— Directions for this task —
Below are records with pictures. Reproduce exactly the lines from the line with "常見的中毒物質主要有農藥(有" to the line with "为深入贯彻落实立德树人根本任", inclusive, and leave each picture out.

— Supplied data —
────────────────────

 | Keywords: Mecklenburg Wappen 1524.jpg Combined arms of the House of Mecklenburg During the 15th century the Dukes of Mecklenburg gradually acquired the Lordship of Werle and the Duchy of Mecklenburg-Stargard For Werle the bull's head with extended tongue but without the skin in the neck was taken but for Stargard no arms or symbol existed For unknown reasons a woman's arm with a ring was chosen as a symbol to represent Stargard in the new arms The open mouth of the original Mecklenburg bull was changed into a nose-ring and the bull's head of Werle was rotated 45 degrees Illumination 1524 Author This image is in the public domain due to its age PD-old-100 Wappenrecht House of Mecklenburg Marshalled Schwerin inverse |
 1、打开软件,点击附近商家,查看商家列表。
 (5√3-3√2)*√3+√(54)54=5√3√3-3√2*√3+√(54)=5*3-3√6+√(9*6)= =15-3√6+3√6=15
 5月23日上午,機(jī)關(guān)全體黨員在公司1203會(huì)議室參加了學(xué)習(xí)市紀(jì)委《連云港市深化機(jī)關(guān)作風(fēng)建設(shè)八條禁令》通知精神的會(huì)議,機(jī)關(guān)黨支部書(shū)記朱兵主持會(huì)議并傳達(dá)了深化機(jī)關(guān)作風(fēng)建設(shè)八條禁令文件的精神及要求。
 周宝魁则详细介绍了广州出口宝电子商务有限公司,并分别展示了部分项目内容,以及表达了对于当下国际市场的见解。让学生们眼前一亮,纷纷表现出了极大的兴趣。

────────────────────

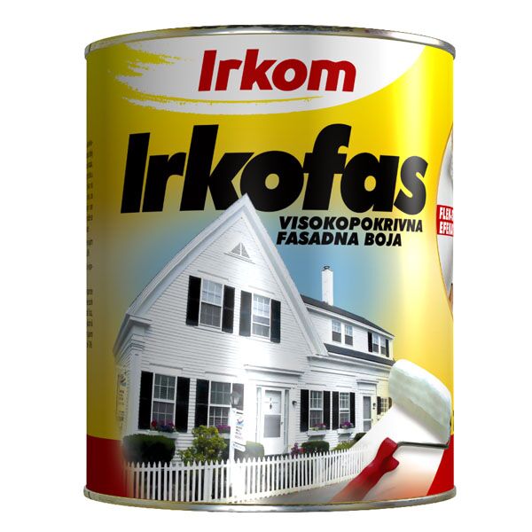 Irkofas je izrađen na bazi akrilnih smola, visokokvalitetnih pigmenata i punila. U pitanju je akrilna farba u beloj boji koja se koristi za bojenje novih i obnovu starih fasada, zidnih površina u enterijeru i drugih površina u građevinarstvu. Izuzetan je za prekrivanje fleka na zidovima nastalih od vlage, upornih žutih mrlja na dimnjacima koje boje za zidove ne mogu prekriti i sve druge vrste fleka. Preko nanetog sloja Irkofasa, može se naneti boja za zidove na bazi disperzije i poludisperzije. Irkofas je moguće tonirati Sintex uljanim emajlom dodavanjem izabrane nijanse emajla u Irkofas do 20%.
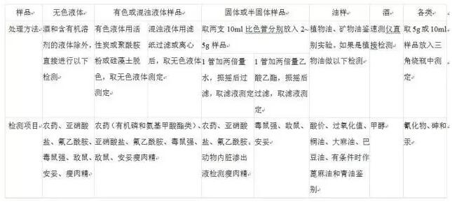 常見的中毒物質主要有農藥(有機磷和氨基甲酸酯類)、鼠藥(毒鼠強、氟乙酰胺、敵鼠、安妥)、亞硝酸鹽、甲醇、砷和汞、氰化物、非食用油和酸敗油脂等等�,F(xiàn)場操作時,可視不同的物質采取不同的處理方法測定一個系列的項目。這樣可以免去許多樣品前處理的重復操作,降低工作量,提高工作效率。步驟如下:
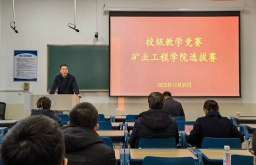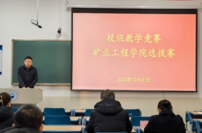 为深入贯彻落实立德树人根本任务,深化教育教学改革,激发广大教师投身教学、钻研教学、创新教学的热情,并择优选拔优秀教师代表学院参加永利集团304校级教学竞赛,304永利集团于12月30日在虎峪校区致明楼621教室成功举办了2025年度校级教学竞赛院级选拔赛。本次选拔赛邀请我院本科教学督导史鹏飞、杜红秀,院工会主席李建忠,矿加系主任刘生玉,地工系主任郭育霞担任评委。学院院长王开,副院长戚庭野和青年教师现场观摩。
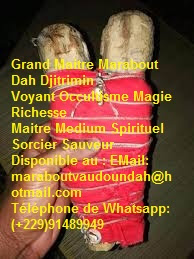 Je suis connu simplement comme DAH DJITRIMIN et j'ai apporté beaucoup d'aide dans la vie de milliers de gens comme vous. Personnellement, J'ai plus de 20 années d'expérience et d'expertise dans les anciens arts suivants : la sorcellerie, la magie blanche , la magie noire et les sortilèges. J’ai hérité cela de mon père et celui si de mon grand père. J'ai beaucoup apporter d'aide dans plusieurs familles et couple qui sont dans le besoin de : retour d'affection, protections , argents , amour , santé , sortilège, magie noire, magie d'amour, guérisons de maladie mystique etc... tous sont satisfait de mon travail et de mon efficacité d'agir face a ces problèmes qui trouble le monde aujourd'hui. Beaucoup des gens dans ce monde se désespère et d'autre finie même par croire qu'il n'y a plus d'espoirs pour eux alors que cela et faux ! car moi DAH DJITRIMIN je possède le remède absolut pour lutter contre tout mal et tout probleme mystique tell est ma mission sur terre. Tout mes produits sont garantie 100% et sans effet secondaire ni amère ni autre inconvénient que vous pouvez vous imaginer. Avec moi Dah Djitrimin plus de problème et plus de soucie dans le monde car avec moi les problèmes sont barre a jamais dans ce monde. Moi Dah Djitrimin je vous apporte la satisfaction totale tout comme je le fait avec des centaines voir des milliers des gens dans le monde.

────────────────────

— Solution below —
 常見的中毒物質主要有農藥(有機磷和氨基甲酸酯類)、鼠藥(毒鼠強、氟乙酰胺、敵鼠、安妥)、亞硝酸鹽、甲醇、砷和汞、氰化物、非食用油和酸敗油脂等等�,F(xiàn)場操作時,可視不同的物質采取不同的處理方法測定一個系列的項目。這樣可以免去許多樣品前處理的重復操作,降低工作量,提高工作效率。步驟如下:
 为深入贯彻落实立德树人根本任务,深化教育教学改革,激发广大教师投身教学、钻研教学、创新教学的热情,并择优选拔优秀教师代表学院参加永利集团304校级教学竞赛,304永利集团于12月30日在虎峪校区致明楼621教室成功举办了2025年度校级教学竞赛院级选拔赛。本次选拔赛邀请我院本科教学督导史鹏飞、杜红秀,院工会主席李建忠,矿加系主任刘生玉,地工系主任郭育霞担任评委。学院院长王开,副院长戚庭野和青年教师现场观摩。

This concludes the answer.